Avec émotion Sophie, maman d'une petite fille lourdement handicapée qui
ne devait pas vivre et qui aujourd'hui a sept ans, nous fait pénétrer
dans le monde clos d'un cabinet médical où se jouent tant de mystères
humains. Les questions de Sophie et Damien son mari, s'enchainent. Et
l'échographiste comprend alors qu'ils veulent "garder" l'enfant.
Désarçonnée par cette décision, elle initie un étrange dialogue avec les
parents, en état de choc. "Non", ce n'est pas d'abord par
conviction religieuse mais par simple réflexe d'humanité, "c'est une
réaction de parents", répond Sophie. "Non", ils ne jugent pas
les autres en disant cela, comment le pourraient-ils d'ailleurs, eux qui
n'ont vraiment pas la tête à philosopher en cet instant de choc ?
L'esprit de Sophie navigue en d'autres eaux, entre mille et une
questions sur l'enfant, sa souffrance, sa vie, sa mort, leur angoisse de
parents.
Ainsi débute la maternité blessée de Sophie. Vivre sa maternité en
commençant un travail de deuil... "C'est un sentiment très étrange de
vivre sans cesse avec cette menace de mort, alors que je sens mon bébé
bien vivant en moi." "Aimer dans l'urgence." "Je sais que
c'est tout cela qu'il faut vivre sans rien rejeter, ni la douleur, ni la
douceur, ni l'amour.
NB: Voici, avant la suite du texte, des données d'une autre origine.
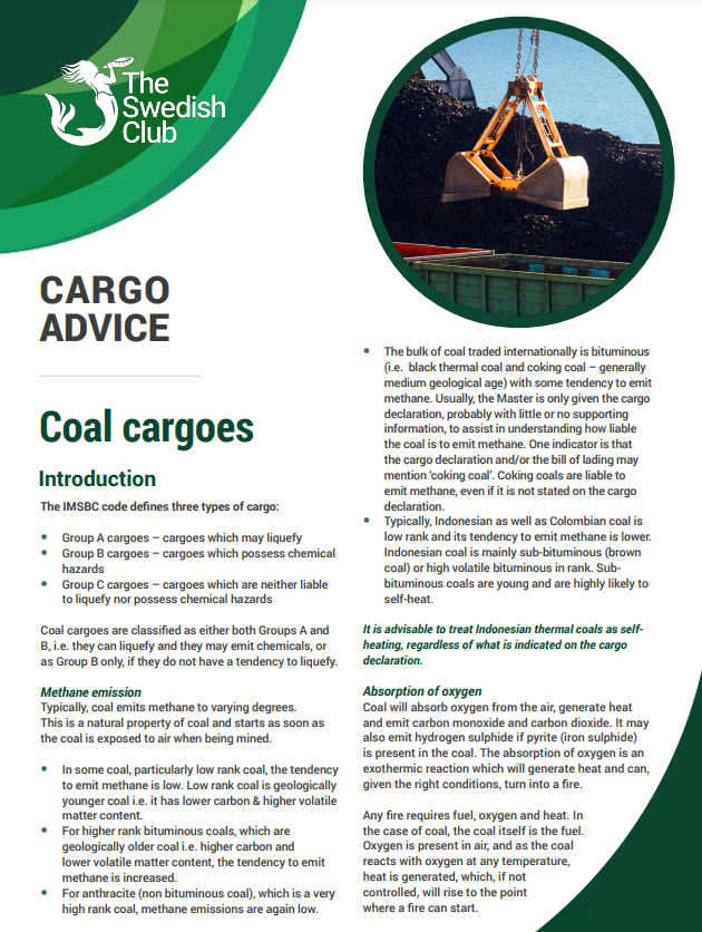 The IMSBC code defines three types of cargo: group A cargoes – cargoes which may liquefy, group B cargoes – cargoes which possess chemical hazards and group C cargoes – cargoes that are neither liable to liquefy nor possess chemical hazards. Coal cargoes are classified as either both Groups A and B, i.e. they can liquefy and they may emit chemicals, or as Group B only, if they do not have a tendency to liquefy.
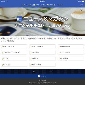 ・SinglePackerはアプリごとにテーマに沿ってさまざまなチャンネルから配信されるRSSをまとめてアプリを作成し、チャンネルキュレーション・アプリとして、みなさまに提供しています。
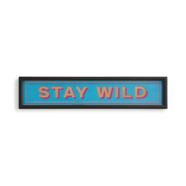 This eye-catching mirrored wall art is ready framed and easy to hang on the wall using its sawtooth fixings. It features Stay Wild typography on a bold blue background, with golden mirrored accents – a great way to add a touch of fun to your room.
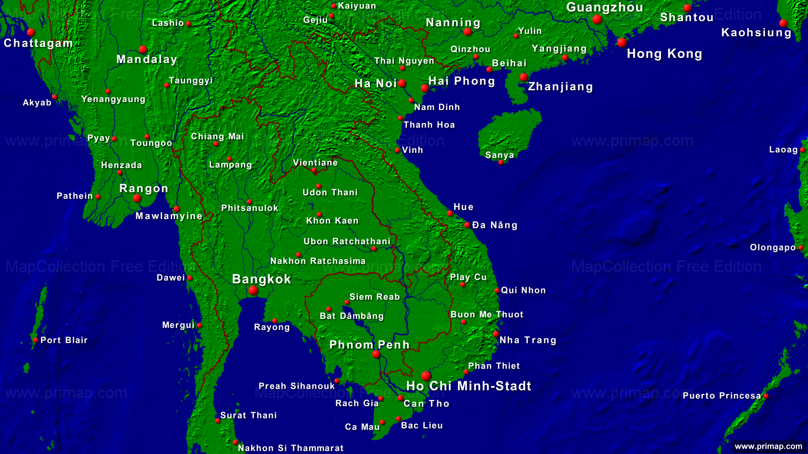 Länderkarten - Vietnam - Städte + Grenzen - 1600x900 (16:9) große Schrift

Je suis à ma place." Puis la naissance vient
balayer les plus sombres prévisions sur l'accouchement. "Me voilà
envahie par la joie d'avoir donné la vie et non la mort." A cette
joie succède l'apprentissage de l'accueil du handicap pour elle-même et
son mari, et pour l'équipe médicale, puis le retour inespéré à la
maison, avec Philippine dans les bras, bien vivante.
La vie appelle la vie
Les parents sont projetés aux limites de la vie et de son sens. Comme si
Philippine pressait le cœur de ses parents pour en extraire le sang et
l'eau. "Avec Philippine nous sommes aux limites de la vie. (...)
Je m'interroge sur le sens de sa vie mais aussi sur le sens de ma
vie." "Rester extérieur à Philippine, c'est la renvoyer vers la
mort et le néant. Entrer en contact avec elle, c'est au contraire
l'inscrire dans sa vie et dans la mienne."
Remises en question
Rien de ce qui n'est pas vrai ne résiste, jusqu'aux convictions les plus
intimes. "Quel est le sens de sa vie ? Elle ne sert apparemment à
rien. Mais moi, finalement, est-ce que je sers à quelque chose ?" "Y-
a-t-il des vies au rabais ?" "Pourquoi n'ai-je pas voulu "
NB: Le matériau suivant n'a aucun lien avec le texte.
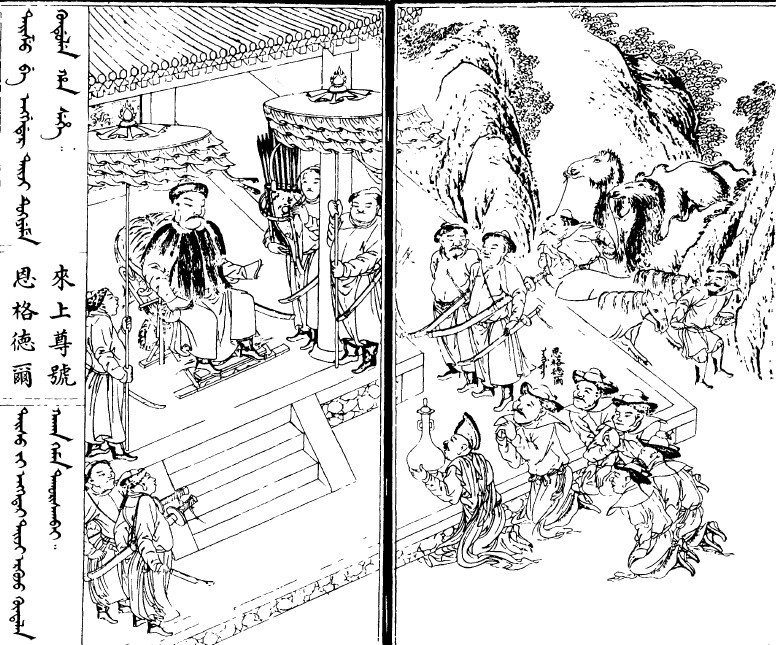 当时的蒙古人的语言只停留在口头,还没创立文字。在对外征伐的过程中,成吉思汗借鉴了回鹘的文字,创立了蒙古文字。这就是今天的蒙古语书写的前身。
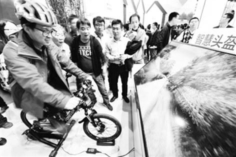 10月30日,观众在2016世界物联网博览会上体验“智慧头盔”。
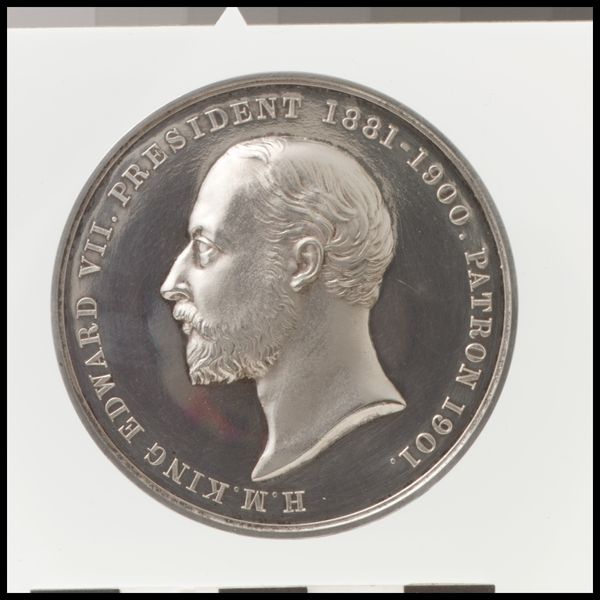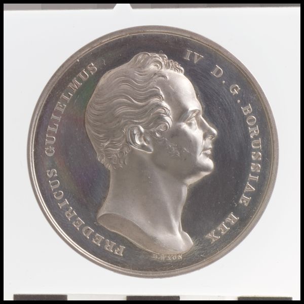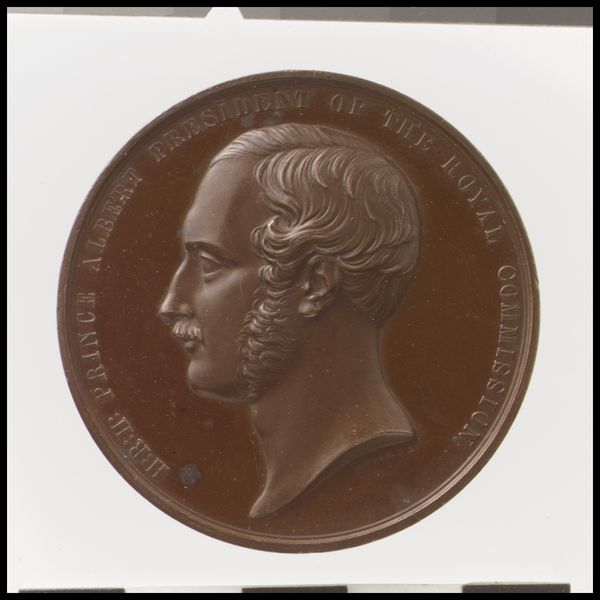 Curator: This metal relief sculpture, titled "Sir Francis Chantrey," was created in 1846 by William Wyon, and it now resides at the Metropolitan Museum of Art. It's a striking Neoclassical portrait medal. What's your first impression? Editor: Stark. Severe, even. The metallic sheen combined with the profile portrait gives it a sense of cold authority, almost Roman in its gravitas. Curator: That's a great observation. As a medal, this object would have served multiple purposes. Certainly commemorating Chantrey, who was himself a noted sculptor, but also participating in the broader culture of recognition within artistic and scientific circles. I’m curious about how its creation intersects with the labor of the mint and the economic systems supporting these artistic endeavors. Editor: And the choice of imagery is potent. The profile itself immediately invokes the classical world, echoing coins of emperors and philosophers. His balding head and severe expression suggests wisdom, discipline... perhaps a hint of the struggles inherent in the creative process. It's loaded with symbols of achievement. Curator: Interesting. I find the materiality just as compelling. The precision of the relief speaks to advanced techniques in metalworking and die-cutting. Consider the labour that went into creating the die! Moreover, such items often functioned within elaborate systems of patronage and exchange. The very material, the metal itself, carries an inherent value. Editor: True. And beyond the intrinsic value, there's the conferred status. A medal like this serves as a potent symbol of recognition. It carries cultural weight beyond the individual portrait. The act of awarding it elevates both giver and receiver. The visual language cements a certain cultural narrative of artistic excellence. Curator: Precisely. Reflecting on it, I'm drawn to how it encapsulates the relationship between the artist, the patron, and the wider social value placed on artistic skill within Victorian society. Editor: For me, the artwork’s evocative imagery creates an enduring monument to artistic legacy, sparking thoughts about the nature of fame and the cultural stories we choose to tell through symbols.
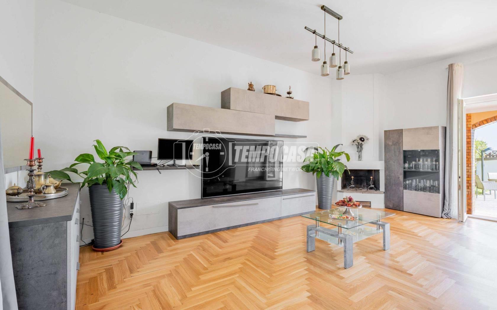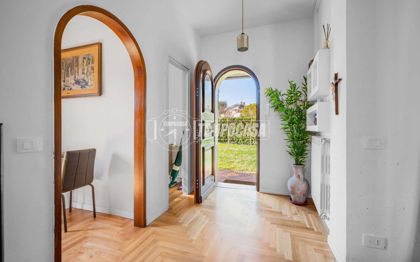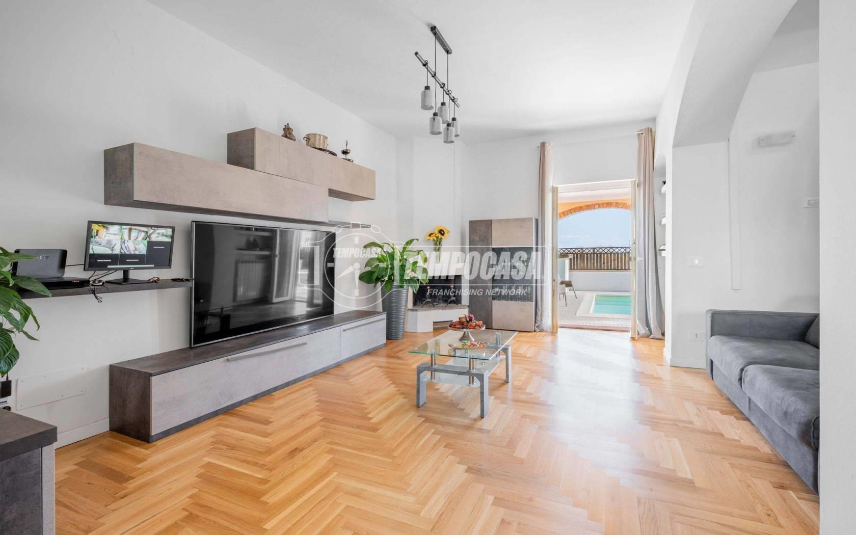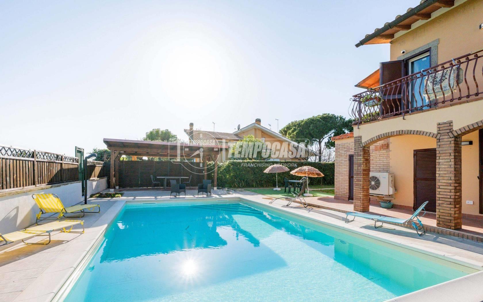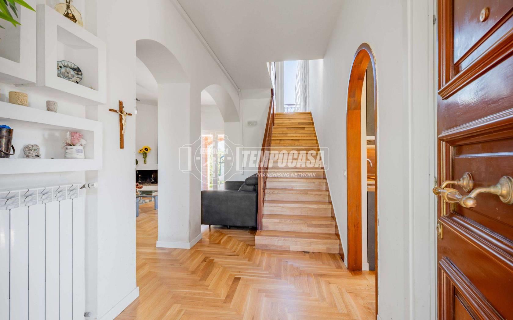 All’esterno il vero protagonista è l’ampio giardino che abbraccia la villa, impreziosito da una splendida piscina privata con patio, ideale per momenti di relax, aperitivi al tramonto e giornate estive in totale privacy.

interrompre la grossesse" ?" "Quelles étaient mes raisons ?"
L'auteur aborde les questions qui l'habitent depuis sept années.
- Remise en question intellectuelle et philosophique d'abord : sur quoi
reposent l'humanité et la dignité de Philippine ?
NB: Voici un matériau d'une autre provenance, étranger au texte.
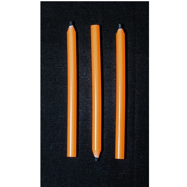 Super flexible, but rigid enough to write with. You can wrap it around your finger. The writing center is a marking polymer, writing like a #2 lead.
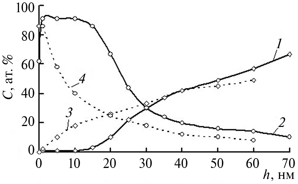 Если на отдельном графике отобразить профили распределений титана и углерода в образцах до (профили 1 и 2 соответственно) и после термического воздействия (профили 3 и 4 соответственно), то наблюдается существенный сдвиг данных профилей к поверхности после термического воздействия (рис. 4). Это может свидетельствовать о том, что дополнительный нагрев образцов с перемешанной ионной имплантацией пленкой углерода не приводит к диффузии углерода в более глубокие слои. Напротив, концентрация углерода снижается. Если считать среднее значение концентрации углерода в анализируемом слое, то она уменьшается от порядка 50 ат. % до порядка 38 ат. %. Аналогичные выводы можно сделать и по азоту (рис. 5) – средняя концентрация азота снижается более чем в два раза. Как уже отмечалось выше, концентрация кислорода после термического воздействия возрастает (рис. 6), причем так, что профиль распределения сдвинут к поверхности (рис. 6, профиль 2), а его средняя концентрация возрастает более чем в два раза – от порядка 14 ат. % до порядка 29 ат. %.
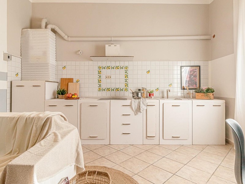 Da qui accedi direttamente in casa attraverso una porta-finestra, entri subito nel soggiorno con angolo cottura, uno spazio funzionale e
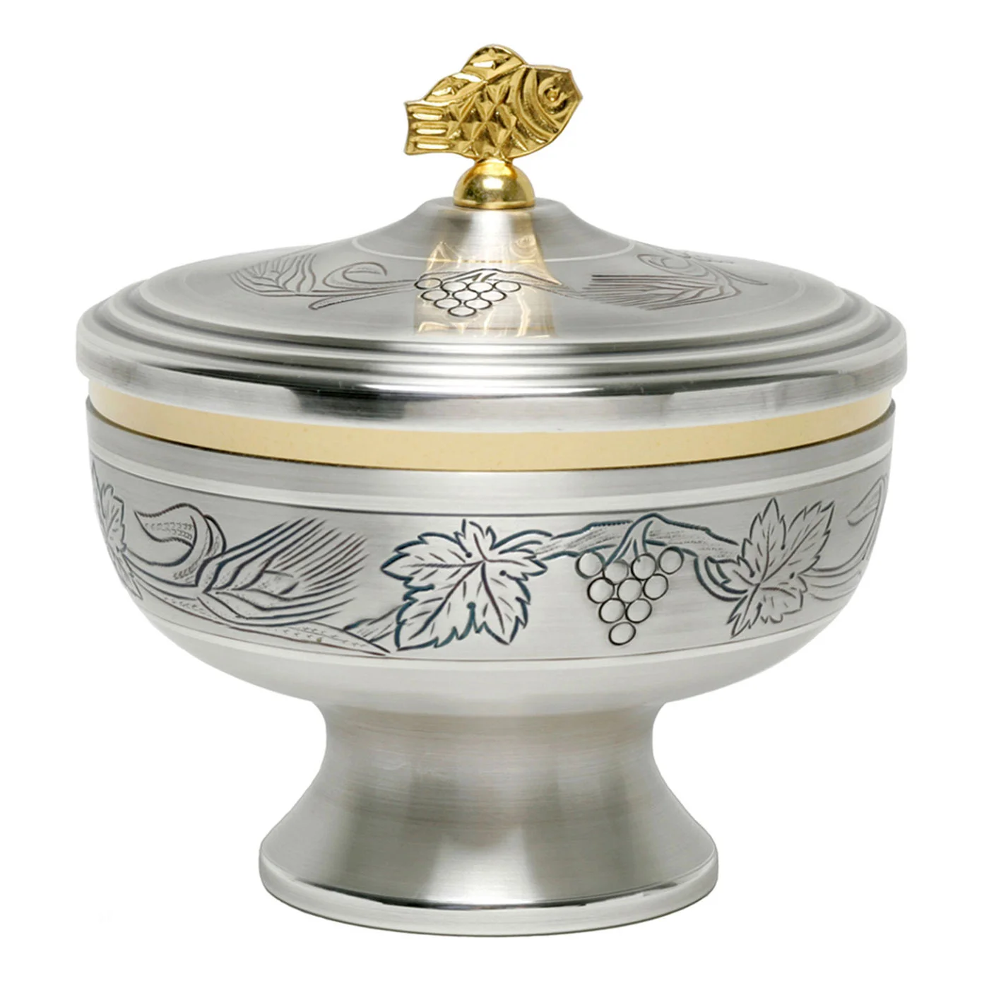 Copón-Patena grabada con cubierta de metal de estilo clasico con baño de oro. Disponible en acabado dorado o plateado.

- Remise en question psychologique ensuite : comment panser les
blessures des parents, du couple, de la fratrie ?
- Remise en question spirituelle enfin : quel sens donner à la
souffrance ? La vie de Philippine est un mystère. "Pendant la
grossesse et ce temps d'attente si douloureux, ma foi se concentre sur
Jésus crucifié." "Je n'arrive pas à prier autrement, je regarde
simplement le Crucifié qui dit "pourquoi ?"" Sophie s'accroche :
essayer de couper la souffrance du mal, pour ne pas se laisser entraîner
dans une spirale destructrice.
Unité intérieure
Sans catastrophisme ni angélisme, Sophie regarde en face les sept années
écoulées avec les moments de joie ou de souffrance, l'expérience de la
solidarité et de l'incompréhension, les combats du quotidien et ceux
plus politiques (arrêt Perruche). Délicatement elle effeuille ses
souvenirs et ses émotions, pour en dégager le sens. Plus qu'un
témoignage, c'est le récit offert avec pudeur de son aventure
intérieure, où la force profonde l'emporte sur la peur. Le lecteur ne
pourra rester insensible à cette expérience de vérité où se révèle avec
talent une exceptionnelle unité de l'intelligence, du cœur et de l'âme.